В ту субботу, когда Франц улетел в Шотландию с женщиной вроде учительницы Перленберг, я поехала к Ате. Стоило мне про нее вспомнить, как меня охватила острая тоска, впрочем, не стану называть это чувство тоской по Ате. Скорее – тоской по былым временам, еще до нашего рабского смиренья, тоской по самому-самому началу, когда идеал еще, кажется, достижим, когда самая мысль об обычной работе и обычной семье вызывает презрительное отвращение, когда мы все еще точно знаем, чего хотим и чего не хотим совершить в жизни. Именно тогда Ата со мной дружила. И должна еще помнить меня той, какой я была, с какой я – начиная от встречи с Францем – чувствую родство особенно близкое. Давно это было: все-или-ничего, да-или-смерть – и связанные с этим волнения. «Завоевать тебя иль умереть» – такие слова относятся или к началу, или к концу.


* * *

Ата действительно стала актрисой. Мы не виделись лет семь, а то и десять. Время от времени ее фамилия попадалась мне в титрах дубляжа. Когда вышли новые телефонные книги, я стала искать Ату по списку, и не затем, чтобы собраться к ней в гости, а чтобы убедиться: да, она и вправду была на свете и есть до сих пор.

Ата проживала все на той же улице, но в другом доме, и не вровень с землей, а на третьем этаже. Выглядела точно как раньше, просто старше, как и я. И волосы крашеные, как мои.
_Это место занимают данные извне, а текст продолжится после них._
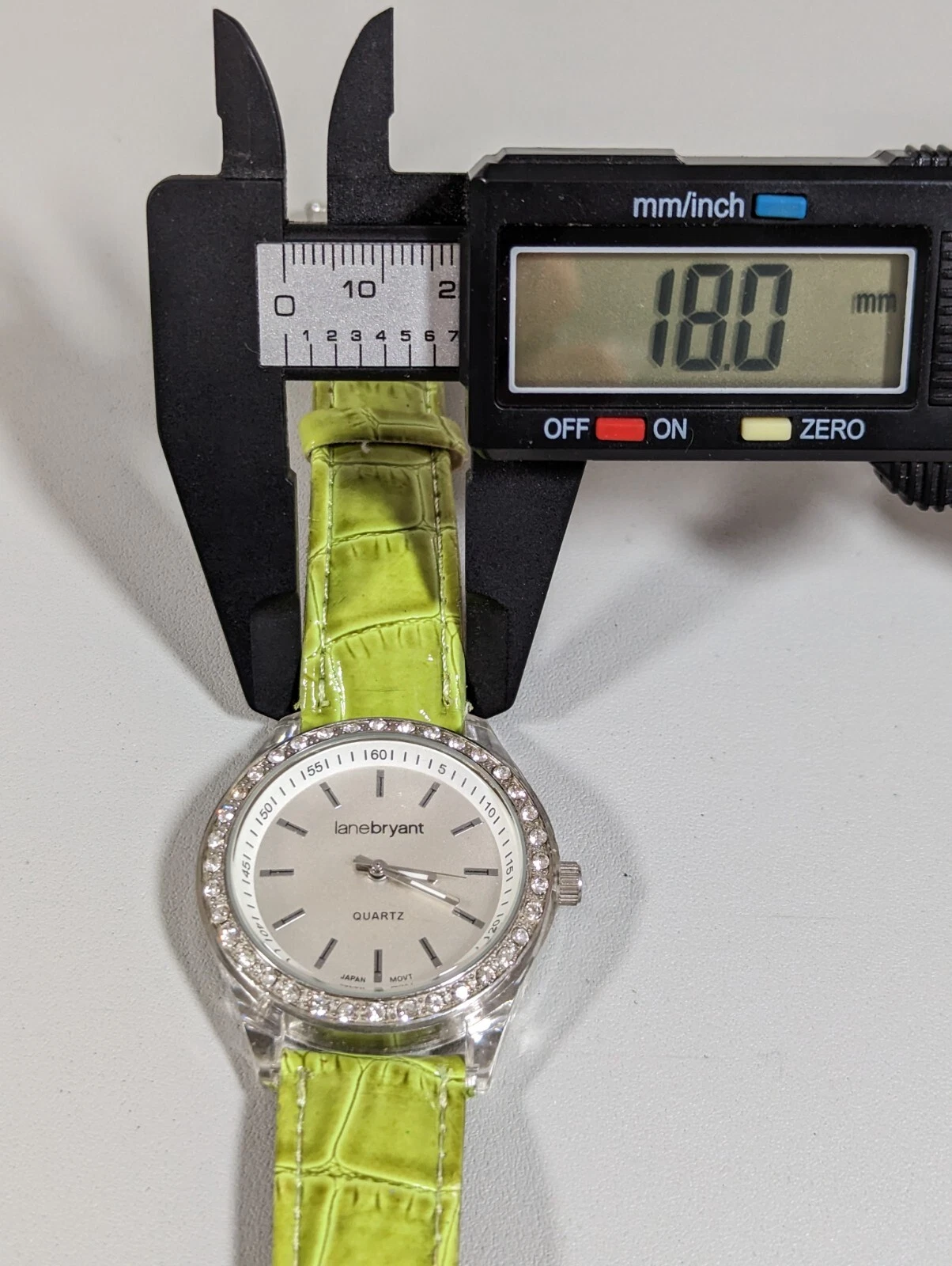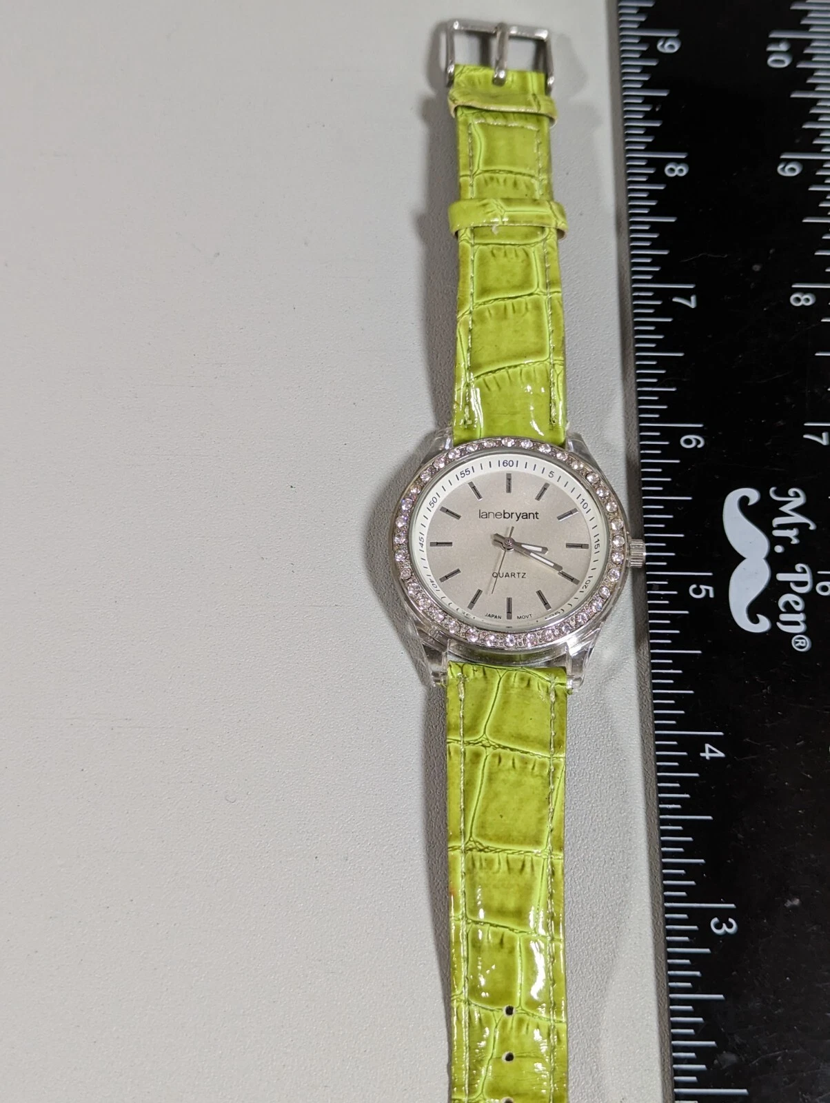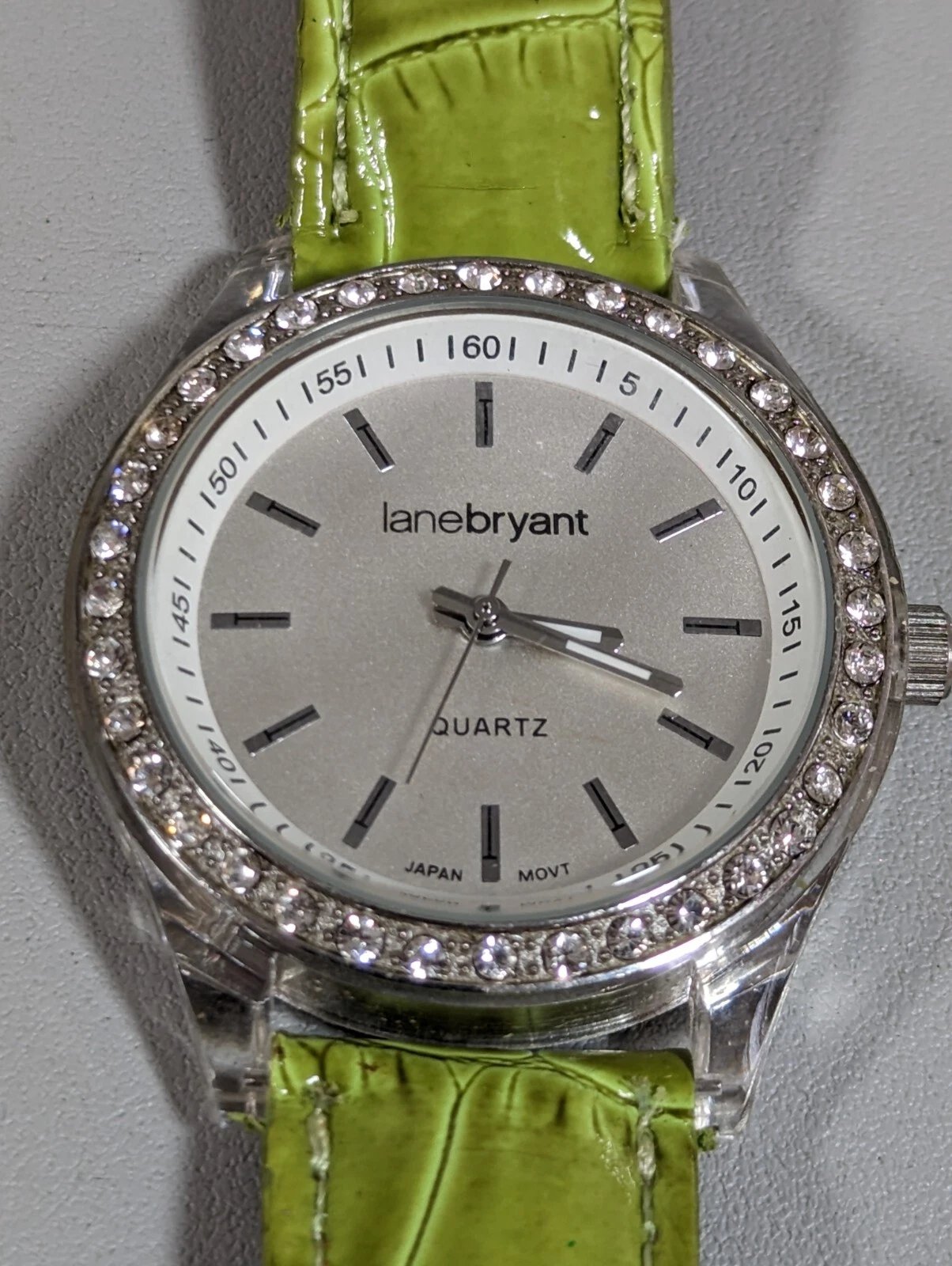 Lane Bryant Silver Tone Dial Round Crystal Accent Case Green Band Watch

– Вот это да! – сказала Ата. – Входи.

Старое кресло в углу у окна. Ата принесла из кухни бокалы:

– Белое или красное?

Вспомнив «Гамзу» и «Мавруд», я выбрала красное. Позже Ата рассказывала, дескать, выглядела я настолько растерянной, что она перепугалась, не началась ли у меня шизофрения, как у одной ее подружки, вдруг услышавшей голоса и в связи с этим заключенной в некую лечебницу, откуда ее выпустили лишь спустя несколько месяцев с завшивленной головой.

Мы вспомнили Ату и Али, причем Ата всерьез поинтересовалась, нормальные мы были тогда или чокнутые, на что я ей сообщила, мол, долгое время я полагала – чокнутые, но с некоторых пор верю – абсолютно нормальные, и вообще делали все правильно.

Парцифаль давно уже подох, а Али застрял где-то на пути в Голливуд, то есть до Голливуда явно не доехал, а то бы точно написал.

Чем дольше я на нее смотрела, тем меньше находила различий с Атой, декламирующей «Пенфесилею» и сохранившейся в моей памяти.

– Вообще-то все как раньше, – заметила я, – просто мы какие-то старые.

– Тогда мы все собирались в мир иной уже к тридцати.

Тогда и впрямь мне легче было представить себе семьдесят лет, чем наши затхлые пятьдесят, не молодость и не старость, бесполое существо с упреком в глазах под химической завивкой.

– А теперь что? – спросила Ата.

– Теперь-то?.. – ответила я ей.

Пили вино, рассуждали о старости, словно что-то в ней понимали. Сейчас, спустя сорок или пятьдесят лет, старость мне знакома не понаслышке, и ничего хорошего я в ней не нахожу. Все хорошее, что говорят о старости, либо глупость, либо вымысел – как, например, про мудрость возраста. А что, нельзя быть мудрым, не гния заживо? Медленно глохнешь, слепнешь, коченеешь, дуреешь. Полагаю, и я тут сидя сдурела, хотя доказательств тому нет, поскольку я ни с кем не имею дела. Нет, если уж и есть в старости что-то хорошее, так только одно: она – замечательная подготовка к смерти, причем даже в двух смыслах. Во-первых, у нас есть достаточно времени, чтобы оттачивать и шлифовать свои воспоминания, так что в конце концов элементы декораций можно подогнать один к другому, соорудив вполне убедительную биографию. Во-вторых, прогрессирующий распад оказывается для нас самих столь обременителен, что однажды мы начинаем тосковать о смерти, способной освободить нас от самого дорогого в прежней жизни, то есть от себя. Впрочем, сказанное действительно лишь в том случае, если мы сгниваем раньше, чем дуреем.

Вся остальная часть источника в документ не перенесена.